## Problem
Print the data once more, exactly as supplied.
(Beginning of Data excerpts)
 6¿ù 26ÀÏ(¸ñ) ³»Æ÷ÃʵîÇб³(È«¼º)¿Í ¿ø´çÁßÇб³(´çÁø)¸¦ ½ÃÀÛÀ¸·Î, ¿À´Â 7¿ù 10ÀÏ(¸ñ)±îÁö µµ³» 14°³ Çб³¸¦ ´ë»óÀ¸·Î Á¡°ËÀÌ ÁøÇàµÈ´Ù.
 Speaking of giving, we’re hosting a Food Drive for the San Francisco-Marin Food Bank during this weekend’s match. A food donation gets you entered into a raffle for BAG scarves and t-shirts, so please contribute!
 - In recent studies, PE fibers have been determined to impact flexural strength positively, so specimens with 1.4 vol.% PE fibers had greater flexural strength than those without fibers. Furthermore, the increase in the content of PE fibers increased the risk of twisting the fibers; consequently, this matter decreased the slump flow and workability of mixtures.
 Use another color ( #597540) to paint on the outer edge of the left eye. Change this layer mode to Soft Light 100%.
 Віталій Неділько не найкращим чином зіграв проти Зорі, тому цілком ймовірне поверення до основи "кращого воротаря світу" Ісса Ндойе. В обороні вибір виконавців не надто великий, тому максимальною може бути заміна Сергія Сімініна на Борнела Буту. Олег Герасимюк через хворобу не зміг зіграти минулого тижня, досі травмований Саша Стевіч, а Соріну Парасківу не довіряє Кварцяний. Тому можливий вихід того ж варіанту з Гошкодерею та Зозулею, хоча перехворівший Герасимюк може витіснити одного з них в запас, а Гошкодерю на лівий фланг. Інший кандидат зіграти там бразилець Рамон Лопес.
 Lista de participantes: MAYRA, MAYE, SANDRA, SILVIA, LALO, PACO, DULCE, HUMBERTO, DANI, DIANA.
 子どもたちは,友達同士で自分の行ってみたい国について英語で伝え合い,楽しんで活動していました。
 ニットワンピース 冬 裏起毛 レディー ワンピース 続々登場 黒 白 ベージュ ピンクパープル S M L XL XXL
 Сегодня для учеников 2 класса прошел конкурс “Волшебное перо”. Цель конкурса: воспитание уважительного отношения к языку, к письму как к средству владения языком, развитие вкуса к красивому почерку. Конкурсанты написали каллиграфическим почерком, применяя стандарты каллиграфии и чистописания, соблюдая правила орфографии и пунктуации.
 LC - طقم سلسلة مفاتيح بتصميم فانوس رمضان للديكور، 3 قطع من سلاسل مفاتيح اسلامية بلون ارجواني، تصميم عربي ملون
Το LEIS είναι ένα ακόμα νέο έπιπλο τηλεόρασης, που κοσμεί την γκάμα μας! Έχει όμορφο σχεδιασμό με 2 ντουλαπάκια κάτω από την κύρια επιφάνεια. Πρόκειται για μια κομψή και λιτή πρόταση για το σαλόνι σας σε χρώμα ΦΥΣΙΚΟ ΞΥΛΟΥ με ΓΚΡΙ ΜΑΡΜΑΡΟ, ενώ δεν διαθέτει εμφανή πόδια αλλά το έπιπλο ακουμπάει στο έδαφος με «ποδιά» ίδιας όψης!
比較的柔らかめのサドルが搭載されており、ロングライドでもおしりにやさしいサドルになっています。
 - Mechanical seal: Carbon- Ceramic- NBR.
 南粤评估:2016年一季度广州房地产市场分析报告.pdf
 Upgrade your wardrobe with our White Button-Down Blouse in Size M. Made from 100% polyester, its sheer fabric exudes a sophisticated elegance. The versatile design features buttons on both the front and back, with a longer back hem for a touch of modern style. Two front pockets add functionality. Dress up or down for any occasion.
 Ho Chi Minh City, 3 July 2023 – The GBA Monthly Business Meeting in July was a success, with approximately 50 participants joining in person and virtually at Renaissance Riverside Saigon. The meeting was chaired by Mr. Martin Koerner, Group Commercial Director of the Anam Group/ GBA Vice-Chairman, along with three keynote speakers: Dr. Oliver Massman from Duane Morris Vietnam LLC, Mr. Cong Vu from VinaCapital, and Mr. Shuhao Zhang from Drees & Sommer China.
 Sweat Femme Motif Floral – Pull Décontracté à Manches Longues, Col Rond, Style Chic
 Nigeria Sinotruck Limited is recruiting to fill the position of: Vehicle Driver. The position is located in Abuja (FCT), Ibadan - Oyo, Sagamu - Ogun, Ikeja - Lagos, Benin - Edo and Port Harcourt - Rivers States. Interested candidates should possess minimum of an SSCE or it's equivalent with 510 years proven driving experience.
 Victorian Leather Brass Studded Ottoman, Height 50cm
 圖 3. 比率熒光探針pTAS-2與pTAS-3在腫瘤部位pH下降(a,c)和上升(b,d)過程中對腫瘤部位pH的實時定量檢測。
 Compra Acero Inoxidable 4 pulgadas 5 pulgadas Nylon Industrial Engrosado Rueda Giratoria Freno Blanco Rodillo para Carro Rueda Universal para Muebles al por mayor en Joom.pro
(End of Data excerpts)
## Response for this exercise
 6¿ù 26ÀÏ(¸ñ) ³»Æ÷ÃʵîÇб³(È«¼º)¿Í ¿ø´çÁßÇб³(´çÁø)¸¦ ½ÃÀÛÀ¸·Î, ¿À´Â 7¿ù 10ÀÏ(¸ñ)±îÁö µµ³» 14°³ Çб³¸¦ ´ë»óÀ¸·Î Á¡°ËÀÌ ÁøÇàµÈ´Ù.
 Speaking of giving, we’re hosting a Food Drive for the San Francisco-Marin Food Bank during this weekend’s match. A food donation gets you entered into a raffle for BAG scarves and t-shirts, so please contribute!
 - In recent studies, PE fibers have been determined to impact flexural strength positively, so specimens with 1.4 vol.% PE fibers had greater flexural strength than those without fibers. Furthermore, the increase in the content of PE fibers increased the risk of twisting the fibers; consequently, this matter decreased the slump flow and workability of mixtures.
 Use another color ( #597540) to paint on the outer edge of the left eye. Change this layer mode to Soft Light 100%.
 Віталій Неділько не найкращим чином зіграв проти Зорі, тому цілком ймовірне поверення до основи "кращого воротаря світу" Ісса Ндойе. В обороні вибір виконавців не надто великий, тому максимальною може бути заміна Сергія Сімініна на Борнела Буту. Олег Герасимюк через хворобу не зміг зіграти минулого тижня, досі травмований Саша Стевіч, а Соріну Парасківу не довіряє Кварцяний. Тому можливий вихід того ж варіанту з Гошкодерею та Зозулею, хоча перехворівший Герасимюк може витіснити одного з них в запас, а Гошкодерю на лівий фланг. Інший кандидат зіграти там бразилець Рамон Лопес.
 Lista de participantes: MAYRA, MAYE, SANDRA, SILVIA, LALO, PACO, DULCE, HUMBERTO, DANI, DIANA.
 子どもたちは,友達同士で自分の行ってみたい国について英語で伝え合い,楽しんで活動していました。
 ニットワンピース 冬 裏起毛 レディー ワンピース 続々登場 黒 白 ベージュ ピンクパープル S M L XL XXL
 Сегодня для учеников 2 класса прошел конкурс “Волшебное перо”. Цель конкурса: воспитание уважительного отношения к языку, к письму как к средству владения языком, развитие вкуса к красивому почерку. Конкурсанты написали каллиграфическим почерком, применяя стандарты каллиграфии и чистописания, соблюдая правила орфографии и пунктуации.
 LC - طقم سلسلة مفاتيح بتصميم فانوس رمضان للديكور، 3 قطع من سلاسل مفاتيح اسلامية بلون ارجواني، تصميم عربي ملون
Το LEIS είναι ένα ακόμα νέο έπιπλο τηλεόρασης, που κοσμεί την γκάμα μας! Έχει όμορφο σχεδιασμό με 2 ντουλαπάκια κάτω από την κύρια επιφάνεια. Πρόκειται για μια κομψή και λιτή πρόταση για το σαλόνι σας σε χρώμα ΦΥΣΙΚΟ ΞΥΛΟΥ με ΓΚΡΙ ΜΑΡΜΑΡΟ, ενώ δεν διαθέτει εμφανή πόδια αλλά το έπιπλο ακουμπάει στο έδαφος με «ποδιά» ίδιας όψης!
比較的柔らかめのサドルが搭載されており、ロングライドでもおしりにやさしいサドルになっています。
 - Mechanical seal: Carbon- Ceramic- NBR.
 南粤评估:2016年一季度广州房地产市场分析报告.pdf
 Upgrade your wardrobe with our White Button-Down Blouse in Size M. Made from 100% polyester, its sheer fabric exudes a sophisticated elegance. The versatile design features buttons on both the front and back, with a longer back hem for a touch of modern style. Two front pockets add functionality. Dress up or down for any occasion.
 Ho Chi Minh City, 3 July 2023 – The GBA Monthly Business Meeting in July was a success, with approximately 50 participants joining in person and virtually at Renaissance Riverside Saigon. The meeting was chaired by Mr. Martin Koerner, Group Commercial Director of the Anam Group/ GBA Vice-Chairman, along with three keynote speakers: Dr. Oliver Massman from Duane Morris Vietnam LLC, Mr. Cong Vu from VinaCapital, and Mr. Shuhao Zhang from Drees & Sommer China.
 Sweat Femme Motif Floral – Pull Décontracté à Manches Longues, Col Rond, Style Chic
 Nigeria Sinotruck Limited is recruiting to fill the position of: Vehicle Driver. The position is located in Abuja (FCT), Ibadan - Oyo, Sagamu - Ogun, Ikeja - Lagos, Benin - Edo and Port Harcourt - Rivers States. Interested candidates should possess minimum of an SSCE or it's equivalent with 510 years proven driving experience.
 Victorian Leather Brass Studded Ottoman, Height 50cm
 圖 3. 比率熒光探針pTAS-2與pTAS-3在腫瘤部位pH下降(a,c)和上升(b,d)過程中對腫瘤部位pH的實時定量檢測。
 Compra Acero Inoxidable 4 pulgadas 5 pulgadas Nylon Industrial Engrosado Rueda Giratoria Freno Blanco Rodillo para Carro Rueda Universal para Muebles al por mayor en Joom.pro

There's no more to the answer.